::: Supplied data

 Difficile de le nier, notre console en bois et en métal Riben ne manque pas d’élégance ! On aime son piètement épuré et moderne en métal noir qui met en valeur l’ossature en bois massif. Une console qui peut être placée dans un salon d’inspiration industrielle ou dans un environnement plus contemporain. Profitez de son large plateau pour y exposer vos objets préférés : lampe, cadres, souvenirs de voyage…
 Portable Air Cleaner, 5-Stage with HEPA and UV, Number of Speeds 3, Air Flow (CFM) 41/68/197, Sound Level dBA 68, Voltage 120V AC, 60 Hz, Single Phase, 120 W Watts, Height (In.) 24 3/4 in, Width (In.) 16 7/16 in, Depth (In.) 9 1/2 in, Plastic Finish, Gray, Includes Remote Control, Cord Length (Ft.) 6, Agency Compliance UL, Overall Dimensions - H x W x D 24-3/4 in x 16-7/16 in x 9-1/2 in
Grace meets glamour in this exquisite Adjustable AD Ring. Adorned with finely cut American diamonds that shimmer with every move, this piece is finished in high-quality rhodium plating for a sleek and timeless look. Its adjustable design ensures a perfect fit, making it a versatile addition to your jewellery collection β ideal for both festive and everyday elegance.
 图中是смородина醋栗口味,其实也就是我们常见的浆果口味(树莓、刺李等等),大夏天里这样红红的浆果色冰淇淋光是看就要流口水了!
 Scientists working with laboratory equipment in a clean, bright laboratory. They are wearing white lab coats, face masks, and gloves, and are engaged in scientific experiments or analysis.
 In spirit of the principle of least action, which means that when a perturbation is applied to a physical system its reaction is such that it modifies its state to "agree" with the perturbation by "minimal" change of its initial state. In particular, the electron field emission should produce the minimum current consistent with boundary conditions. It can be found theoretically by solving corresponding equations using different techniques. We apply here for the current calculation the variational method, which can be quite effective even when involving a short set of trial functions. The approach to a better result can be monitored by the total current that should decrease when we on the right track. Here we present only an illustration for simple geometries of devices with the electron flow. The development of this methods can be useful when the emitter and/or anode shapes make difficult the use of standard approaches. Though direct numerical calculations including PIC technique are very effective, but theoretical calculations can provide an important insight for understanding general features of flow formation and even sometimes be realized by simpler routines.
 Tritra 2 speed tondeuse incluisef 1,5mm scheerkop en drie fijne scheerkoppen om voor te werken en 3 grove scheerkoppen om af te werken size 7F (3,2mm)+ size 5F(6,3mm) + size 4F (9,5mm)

::::::
::: Supplied data

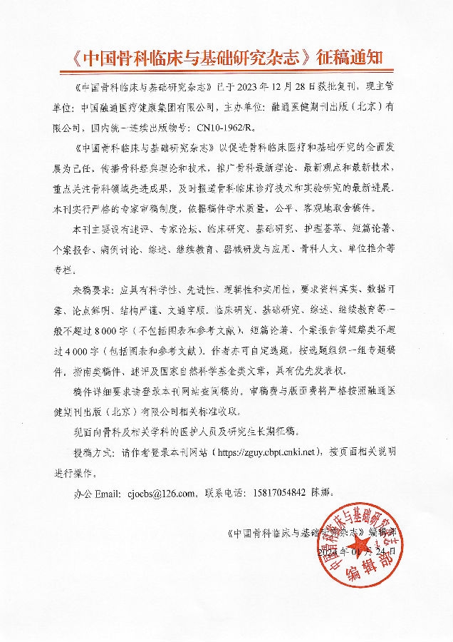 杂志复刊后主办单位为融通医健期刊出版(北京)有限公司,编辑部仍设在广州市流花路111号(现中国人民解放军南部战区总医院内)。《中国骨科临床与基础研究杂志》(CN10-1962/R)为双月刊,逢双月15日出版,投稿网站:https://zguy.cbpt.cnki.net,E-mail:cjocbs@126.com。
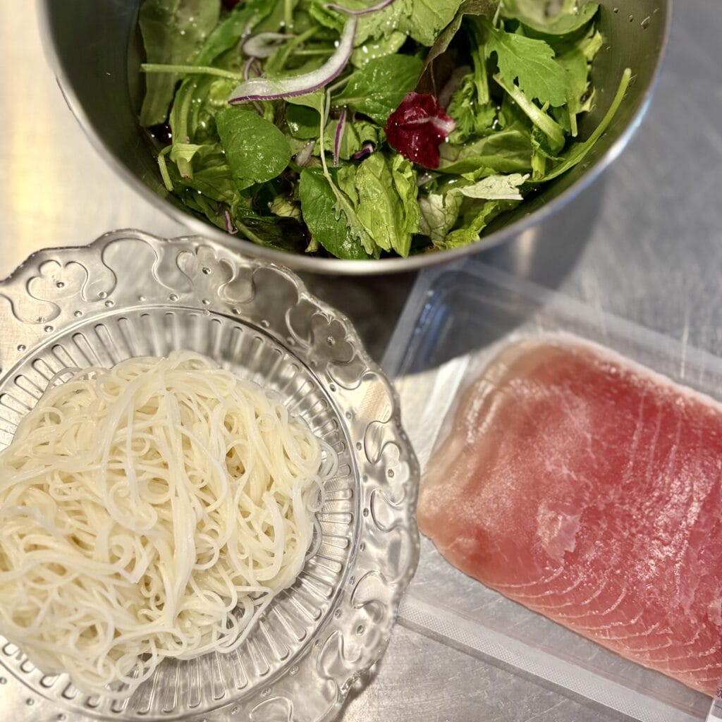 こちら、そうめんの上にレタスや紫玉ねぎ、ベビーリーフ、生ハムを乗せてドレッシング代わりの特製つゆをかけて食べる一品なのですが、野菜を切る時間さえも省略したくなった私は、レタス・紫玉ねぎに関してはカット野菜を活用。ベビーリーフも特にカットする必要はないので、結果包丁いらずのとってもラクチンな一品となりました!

::::::
::: Supplied data

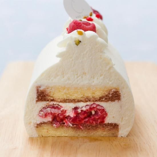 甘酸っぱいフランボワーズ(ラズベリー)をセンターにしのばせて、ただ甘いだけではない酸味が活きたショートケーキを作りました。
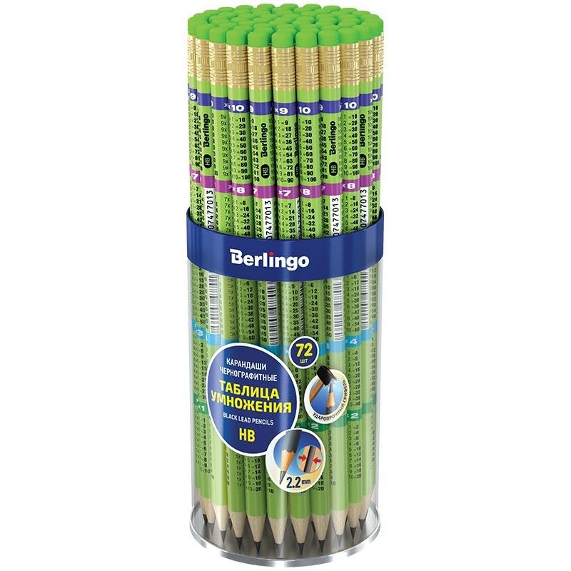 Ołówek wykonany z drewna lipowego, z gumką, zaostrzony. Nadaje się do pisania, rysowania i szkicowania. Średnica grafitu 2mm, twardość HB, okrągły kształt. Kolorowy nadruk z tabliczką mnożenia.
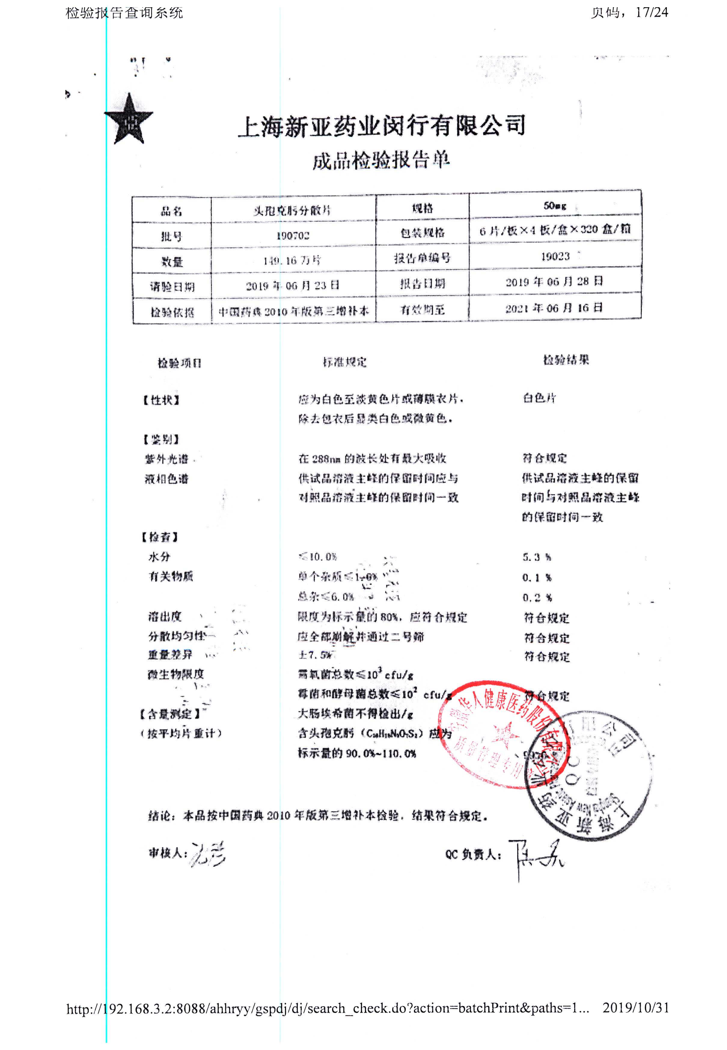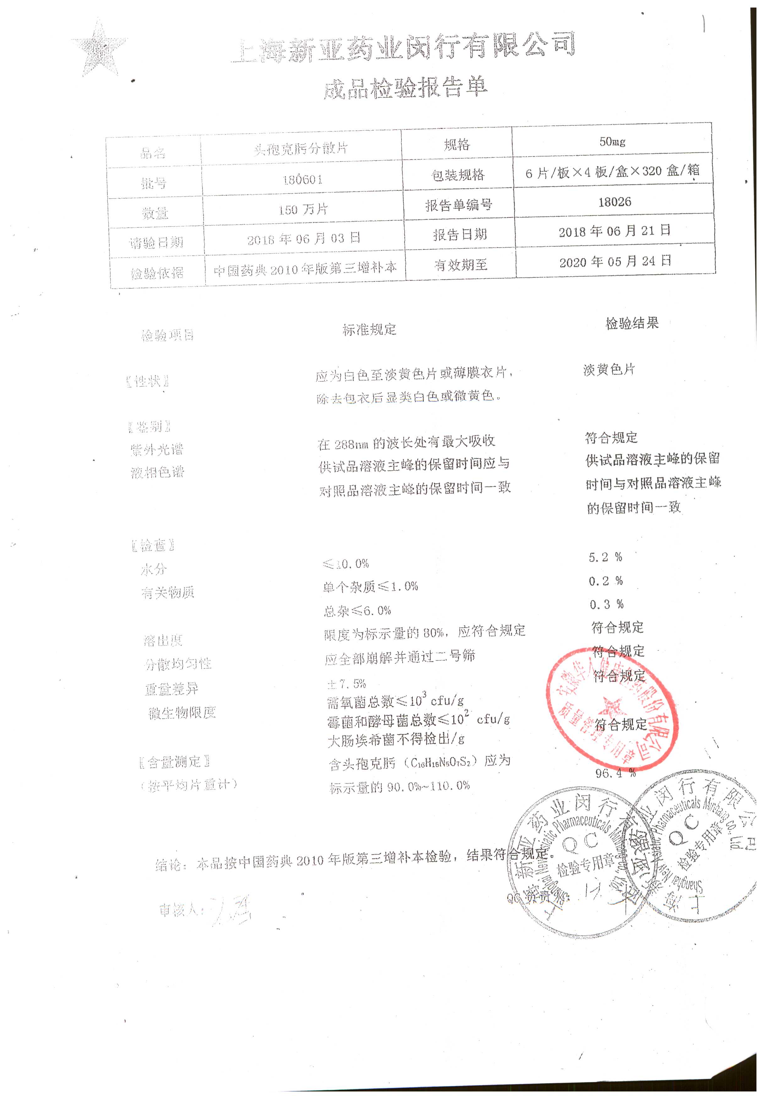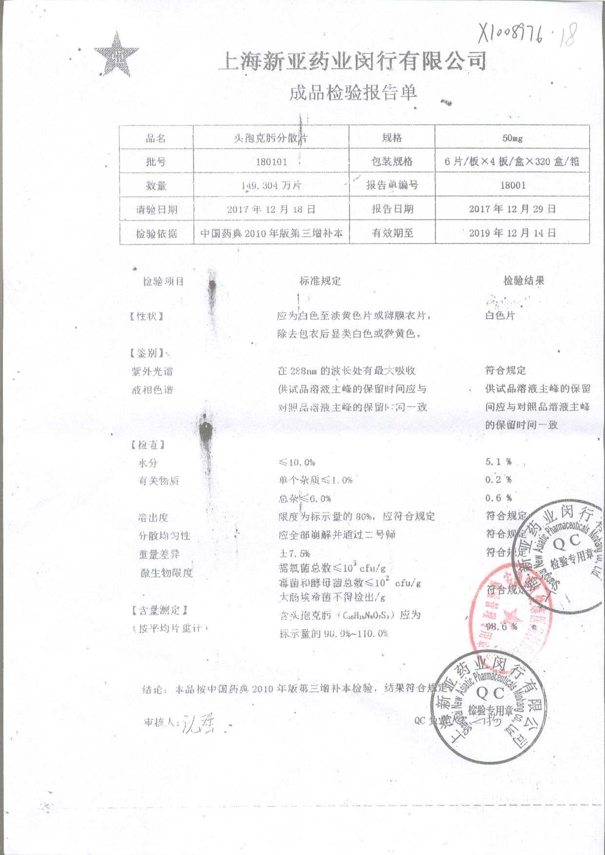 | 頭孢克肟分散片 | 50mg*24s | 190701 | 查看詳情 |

::::::

> [To do] Give back precisely the lines above that start at the line containing "Difficile de le" and end at the line containing "Portable Air Cleaner, 5-Stage", inclusive. No other lines belong in the output.

> [Task solution]
 Difficile de le nier, notre console en bois et en métal Riben ne manque pas d’élégance ! On aime son piètement épuré et moderne en métal noir qui met en valeur l’ossature en bois massif. Une console qui peut être placée dans un salon d’inspiration industrielle ou dans un environnement plus contemporain. Profitez de son large plateau pour y exposer vos objets préférés : lampe, cadres, souvenirs de voyage…
 Portable Air Cleaner, 5-Stage with HEPA and UV, Number of Speeds 3, Air Flow (CFM) 41/68/197, Sound Level dBA 68, Voltage 120V AC, 60 Hz, Single Phase, 120 W Watts, Height (In.) 24 3/4 in, Width (In.) 16 7/16 in, Depth (In.) 9 1/2 in, Plastic Finish, Gray, Includes Remote Control, Cord Length (Ft.) 6, Agency Compliance UL, Overall Dimensions - H x W x D 24-3/4 in x 16-7/16 in x 9-1/2 in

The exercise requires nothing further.